*Provided material*:

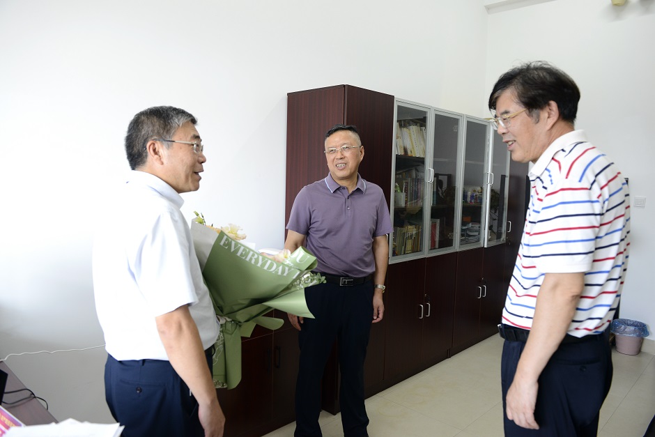 王仁雷、王建分别赴文学院、生命科学与化学化工学院看望冯保善教授和蒋功成教授,并送上鲜花,感谢他们为学校建设发展做出的杰出贡献,希望他们继续发挥自身优势,勇攀高峰、再创佳绩。校领导表示,站在建校70周年的历史新起点,校党委和行政将始终不渝地坚持尊师重道的优良传统,关心和支持教职员工的全面发展,努力为广大教职员工的学习、工作和生活创造更加理想的条件和更加和谐的氛围,使每一位江苏二师人共享改革发展成果,凝心聚力共同谱写学校高质量发展新篇章。
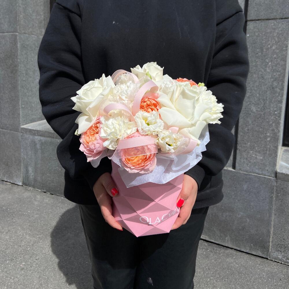 плая бланка – 3 шт.Лизиантус – 2 шт.Диантус – 3 шт.джульетта роза пионовидная – 1 шт.Коробка шляпная – 1 шт.Тишью – 2 шт.Лента атласная – 1 шт.пакет прозрачный для цветов – 1 шт.
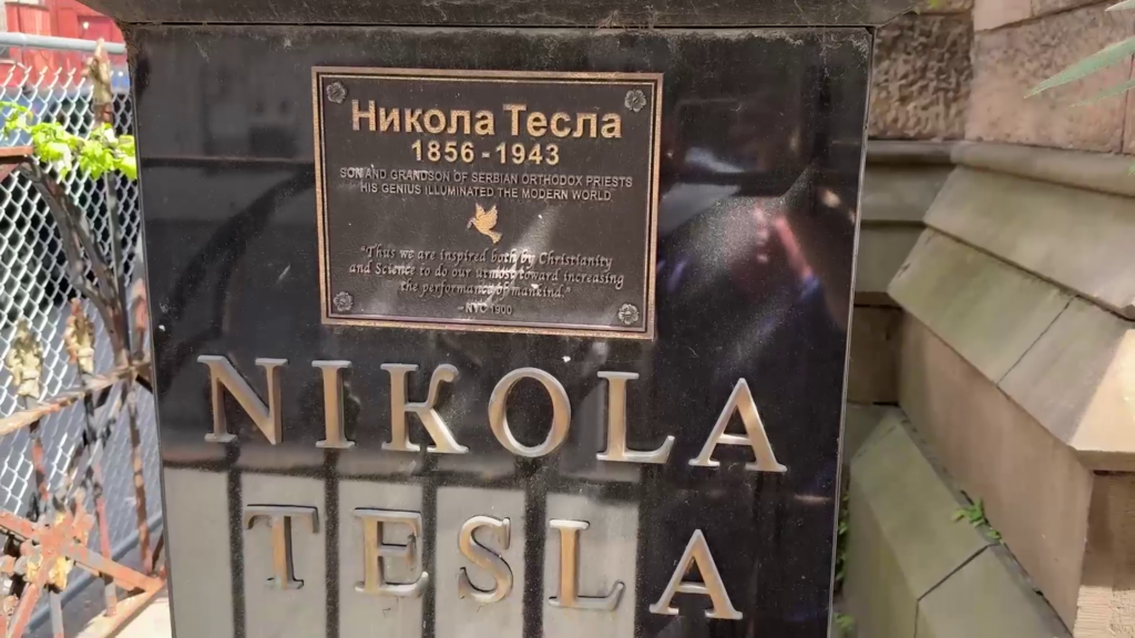 Поред цркве налазе се велике бисте Николе Тесле и Михаила Пупина, као и владике Николаја.

*Problem requirements*:
Once the pictures are set aside, repeat the remaining data word for word.

*Output for this exercise*:
 王仁雷、王建分别赴文学院、生命科学与化学化工学院看望冯保善教授和蒋功成教授,并送上鲜花,感谢他们为学校建设发展做出的杰出贡献,希望他们继续发挥自身优势,勇攀高峰、再创佳绩。校领导表示,站在建校70周年的历史新起点,校党委和行政将始终不渝地坚持尊师重道的优良传统,关心和支持教职员工的全面发展,努力为广大教职员工的学习、工作和生活创造更加理想的条件和更加和谐的氛围,使每一位江苏二师人共享改革发展成果,凝心聚力共同谱写学校高质量发展新篇章。
 плая бланка – 3 шт.Лизиантус – 2 шт.Диантус – 3 шт.джульетта роза пионовидная – 1 шт.Коробка шляпная – 1 шт.Тишью – 2 шт.Лента атласная – 1 шт.пакет прозрачный для цветов – 1 шт.
 Поред цркве налазе се велике бисте Николе Тесле и Михаила Пупина, као и владике Николаја.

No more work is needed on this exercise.